Created San Francisco's PBS station KQED

Public television pioneer James Day, who created San Francisco’s PBS station KQED died of respiratory failure April 24 in New York. He was 89. 

Day created KQED in 1954; it was one of the nation’s earliest public television stations, serving as president and general manager for 16 years. The station’s fundraising techniques such as the concept of audience memberships, pledge nights, and televised auctions became the national funding standard.

While president of KQED, Day hosted a weekly program, “Kaleidoscope,” on which he interviewed personalities including Eleanor Roosevelt, Buster Keaton, Robert F. Kennedy, Bing Crosby and Aldous Huxley. 

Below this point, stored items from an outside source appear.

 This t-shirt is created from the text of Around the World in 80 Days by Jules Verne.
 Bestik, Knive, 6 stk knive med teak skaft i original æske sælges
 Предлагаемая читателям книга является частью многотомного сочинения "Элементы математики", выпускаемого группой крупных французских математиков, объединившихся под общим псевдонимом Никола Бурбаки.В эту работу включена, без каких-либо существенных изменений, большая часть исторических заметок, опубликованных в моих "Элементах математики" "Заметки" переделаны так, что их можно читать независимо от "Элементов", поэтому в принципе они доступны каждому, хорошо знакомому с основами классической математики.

In 1969, he became president of National Educational Television in New York, public television’s national network at the time. When NET was merged with New York’s WNDT/Channel 13, he became president of the New York channel, renaming it WNET. During his time at NET and WNET, the stations showcased programming such as “The Great American Dream Machine,” “An American Family,” “Banks and the Poor,” “VD Blues,” and “The Forsyte Saga.”

In 1973, he left WNET and formed his own production company, Publivision, where he created the nationally-distributed nightly interview program, “Day At Night.”

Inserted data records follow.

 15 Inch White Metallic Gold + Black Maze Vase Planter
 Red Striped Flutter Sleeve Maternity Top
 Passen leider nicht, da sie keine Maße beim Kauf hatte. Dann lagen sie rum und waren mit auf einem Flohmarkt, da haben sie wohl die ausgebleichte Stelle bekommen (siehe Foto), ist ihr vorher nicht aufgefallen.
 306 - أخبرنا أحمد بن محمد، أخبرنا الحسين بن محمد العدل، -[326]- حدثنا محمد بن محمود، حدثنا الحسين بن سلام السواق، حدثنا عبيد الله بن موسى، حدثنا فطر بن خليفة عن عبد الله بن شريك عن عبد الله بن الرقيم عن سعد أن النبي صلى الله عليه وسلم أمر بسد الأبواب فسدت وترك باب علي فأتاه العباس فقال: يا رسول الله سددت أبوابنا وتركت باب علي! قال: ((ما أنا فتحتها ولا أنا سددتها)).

In 1976, he became a professor of radio and television at Brooklyn College of the City University of New York. After his retirement, he became chairman of the advisory board of the City University’s cable television channel (CUNY-TV).

He served on the original boards of the Children’s Television Workshop, the Public Broadcasting Service and the International Public Television Screening Conference. 

Prior to entering public television, Day was Director of Public Affairs and Education for NBC’s San Francisco station, a Civilian Radio Specialist with the Allied Occupation of Japan, and Deputy Director of Radio Free Asia.  He has been a consultant on broadcasting to several East African nations, the government of Venezuela, and the State of Hawaii.

His book, “The Vanishing Vision:  The Inside Story of Public Television,” was published by the U. of California Press in 1995.

Born in Alameda, Calif., he graduated the U. of Calif., Berkeley, and Stanford U. During World War II, he served in the U.S. Army. 

He is survived by three sons and his partner Jeanne Alexander.